Monday, December 22, 2008

A big pill for healthcare to swallow

By Laura MacCleery and Zachary Proulx | December 22, 2008

PRESIDENT-ELECT Obama has promised a system of universal healthcare, but enacting one will be far more difficult than it should be. Even with change coming to America, drug companies and other high-spending special interests will keep buying their way onto Capitol Hill if other things don't change first.

The drug companies have mastered the art of purchasing favorable results. In the same election cycle that brought record presidential fund-raising from grassroots donors, the pharmaceutical industry contributed over $22 million to members of Congress. It hedged contributions evenly between the Republican and Democratic parties for the first time in nearly 20 years. Pfizer, a longtime donor to the GOP, is now doling out 51 percent of its campaign contributions to Democratic candidates.

Massachusetts's Department of Public Health has recently proposed regulations to address the influence of drug companies by limiting their payments and gifts to doctors. As critics note, however, the proposal would exempt disclosure of payments to doctors for research and related activities - a stipulation the drug industry lobbied for - which could leave open windows for more foul play.

An investigation launched last year by Republican Senator Charles Grassley of Iowa found government-funded physicians at universities like Harvard and Emory have frequently failed to disclose consulting receipts, stock holdings, and other conflicts-of-interest with drug makers as they research and discuss products. Grassley's investigators found that the former director of the National Institute of Mental Health, Dr. Frederick Goodwin, had failed to disclose at least $1.3 million in income from marketing lectures for drug companies while advocating for their products on his NPR program "The Infinite Mind."

Medical journals have been similarly affected.

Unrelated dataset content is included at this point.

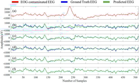 Figure 11a depicts an EEG segment that has been contaminated with EOG artifacts, while Figure 11b–f illustrates EOG artifact-free EEG segments (estimated clean EEG) for all five models. Table 4 provides the average numerical values of the four performance metrics () by the five distinct models. In contrast, Table 5 illustrates the computed average power ratios for five separate EEG bands for ground truth, noisy, and predicted EEG segments.

A British Medical Journal article from 2003 reviewed 30 studies published in journals and found that a "[s]ystematic bias favors products which are made by the company funding the research," and the pharmaceutical company Wyeth was just exposed for paying ghostwriters to publish journal articles.

Whatever shape Massachusetts's regulations take, national healthcare reform has still a bigger pill to swallow, for drug makers also invest, systemically and opportunistically, in politicians. Healthcare PACs do too - they increased donations to Democrats in the latest election cycle by more than 50 percent compared with 2006, according to Congressional Quarterly.

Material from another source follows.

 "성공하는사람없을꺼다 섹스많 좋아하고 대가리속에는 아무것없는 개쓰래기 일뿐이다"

So long as lawmakers need contributions to get reelected, the drug lobby and other special interests will give them, and expect a return on their investment. The only way out of this endless cycle is to dismantle the access-for-favors system and take a different approach to campaign finance.

Public financing of elections would provide a solution, by supplanting private campaign donations with public money and giving lawmakers a shot at legislating beyond the shadow of their donors.

In Maine, for example, state legislators attribute the success of a 2003 healthcare reform effort to public financing. In Arizona, Governor Janet Napolitano, who received public funding for her 2002 and 2006 gubernatorial campaigns, credits public financing with allowing her to offer prescription drug discounts to seniors and the disabled on her first day in office - a program expanded to all Arizonans in 2006.

Just as doctors are courted by drug makers, we have to stop pretending that public officials are immune to the enticements of financial incentives. Our politicians may come to Washington to make change, but they cannot in the current system. Public funding of elections would stop the game of "let's pretend" and allow members of Congress to be both interested in their own political survival and public-spirited.

Kudos to Massachusetts for pursuing what it says will be the strictest law in the country on gifts to doctors and disclosure requirements. Perhaps now it's time we take a page from the pharmaceutical companies' playbook and give elected officials financial incentives that will let them truly serve the public. A public funding system for members of Congress may be the best shot at making real the changes we've been promised.

Laura MacCleery is deputy director of the Democracy Program at the Brennan Center for Justice at NYU School of Law. Zachary Proulx is a research associate at the Brennan Center.